Persistent cloud belts over Christmas Island, Norfolk Island, Lord Howe Island and parts of Torres Strait leave very few clear scenes and so the composition has less material to average over. The outcome is a grainier surface with small flecks of residual cloud artefacts.
Where should feedback or derived layers be sent?
Email either lead author (addresses in the metadata) with a short description of the issue or product. Corrections will be logged in an erratum section of the eAtlas metadata record.

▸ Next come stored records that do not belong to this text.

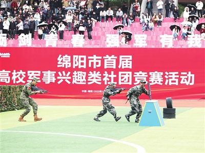 本报讯(记者 胥江 刘凤君)11月14日,“砺剑青春,强军有我”绵阳市首届高校军事兴趣类社团竞赛活动在绵阳职业技术学院举行。来自全市11所高校军事兴趣类社团的700余名队员,围绕队列动作、基础体能、战术基础动作等项目展开激烈角逐。
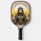 "Dieses reizvolle Design besticht durch eine zentrale Figur, die in verzierter, möglicherweise altertümlicher ägyptischer oder mittelöstlicher Kleidung, Set vor dem Hintergrund einer stilisierten Sonne, Wüstendünen und Palmen verziert ist. Die Figur hat einen ruhigen und wissenden Ausdruck, der Weisheit oder mystische Einsicht nahe legt. Die Farbpalette wird von warmen Golden und kontrastreichen Schwarzen dominiert. Dieses Design ist vielseitig für Produkte, die auf eine mystische, spirituelle oder historisch inspirierte Ästhetik abzielen. Stellen Sie sich das mit Meditationsaccessoires, künstlerischen Drucken, böhmischen Kleidung oder dem Branding für ganzheitliche Dienstleistungen vor."
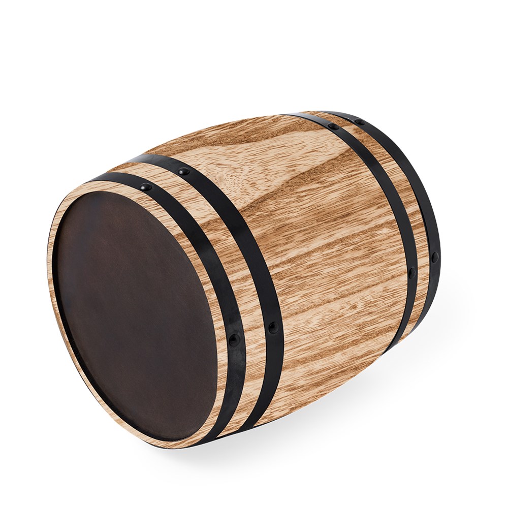Originaler Stahleimer mit Holzaußenseite. Fassform zur Aufbewahrung von Kaltgetränken oder Eis, mit doppelter Edelstahlwand und 3 l Fassungsvermögen. Einzeln präsentiert in einer Kraft-Designbox.
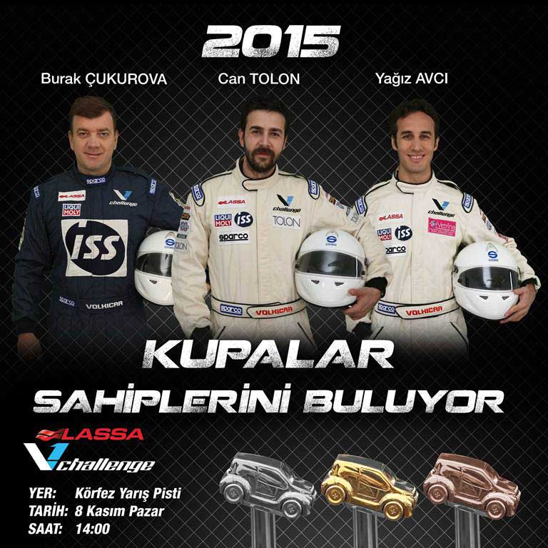 Lassa V1 2015 sezonunun final yarışı 8 Kasım Pazar günü İzmit Körfez Pisti’nde gerçekleşecek. Can Tolon galibiyet için avantajlı ancak Yağız Avcı ve Burak Çukurova ile mücadelenin çok çetin geçmesi bekleniyor.
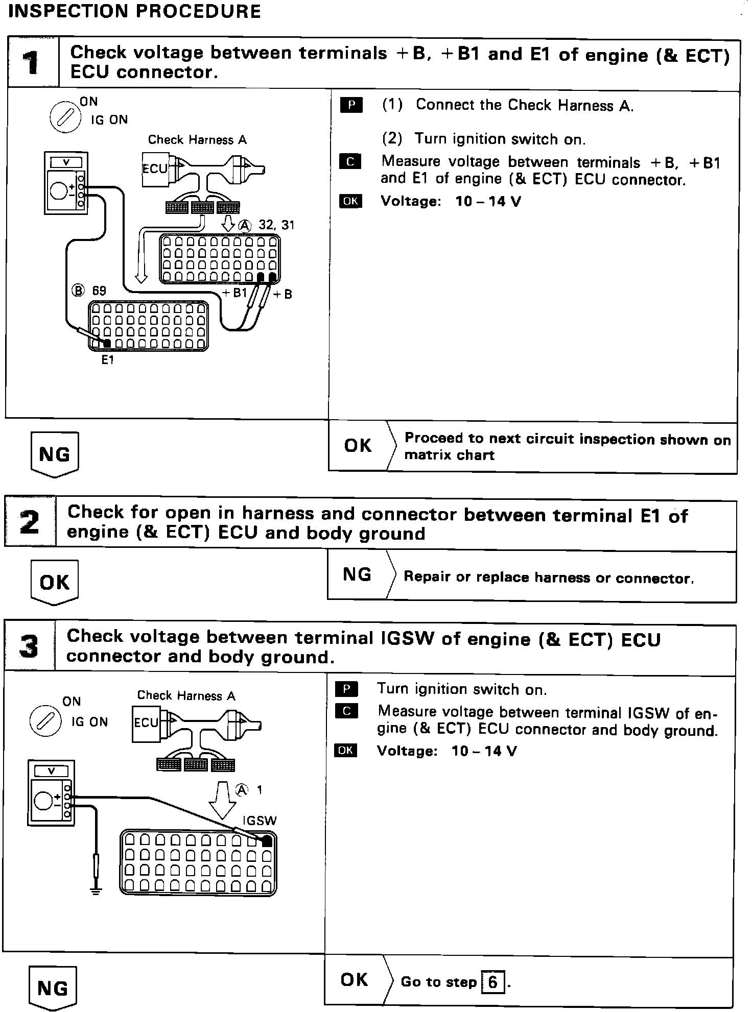 Home >> Lexus >> 1992 >> SC 300 L6-3.0L (2JZ-GE) >> Repair and Diagnosis >> Powertrain Management >> Computers and Control Systems >> Engine Control Module >> Testing and Inspection >> ECU Power Supply
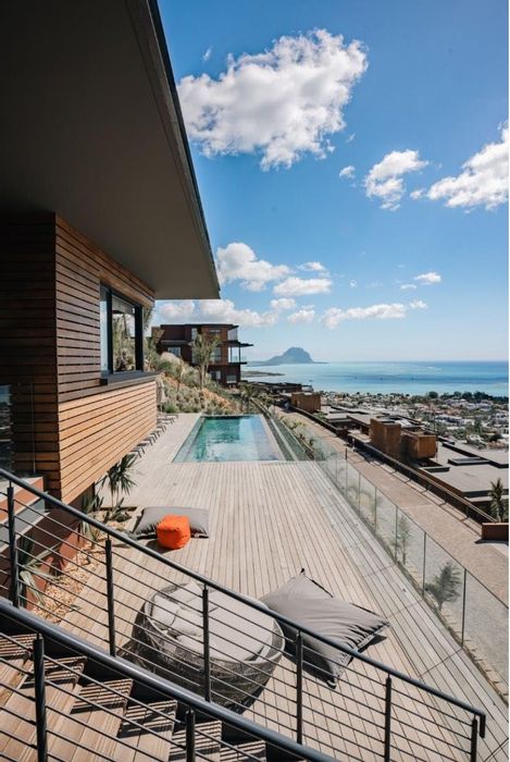 Experience private resort living on Mauritius' Black River coast with +180° lagoon and Le Morne views, 48m2 infinity pool, exclusive wine cellar, and five ensuite bedroom suites.

Any derivative layers can be listed as related resources so future users can discover them.
How can I stitch multiple Sentinel-2 tiles together?
Once you have the necessary GeoTIFFs, create a virtual raster (VRT). In QGIS choose Raster – Miscellaneous – Build Virtual Raster and point to all the files. The resulting .vrt file can be styled like a single image.
Can this imagery track shoreline changes?
No. Each composite blends scenes collected over six to ten years, so transient erosion or accretion signals are smeared. For shoreline changes, see the Geoscience Australia Digital Earth Australia Coastlines dataset (https://www.ga.gov.au/scientific-topics/dea/dea-data-and-products/dea-coastlines).
Can this imagery show changes in habitats?
No. The composite imagery is an ‘average’ over a long period of time and thus does not show changes in time. Comparing the Low-tide images and the All-tide images shows changes in dynamic habitats such as seagrass and macroalgae. This is due to the different collection of image dates between the two image composites. This difference between the images is, however, an unreliable measure of change over time.
How does this imagery compare to the Allen Coral Atlas?
The Allen Coral Atlas mosaics are built from daily PlanetScope frames. They deliver four-metre resolution but carry more image noise than Sentinel-2 imagery. The 10 m composites presented here are a combination of tens to hundreds of daily images per pixel, yielding clearer benthic texture and up to 50% better depth visibility.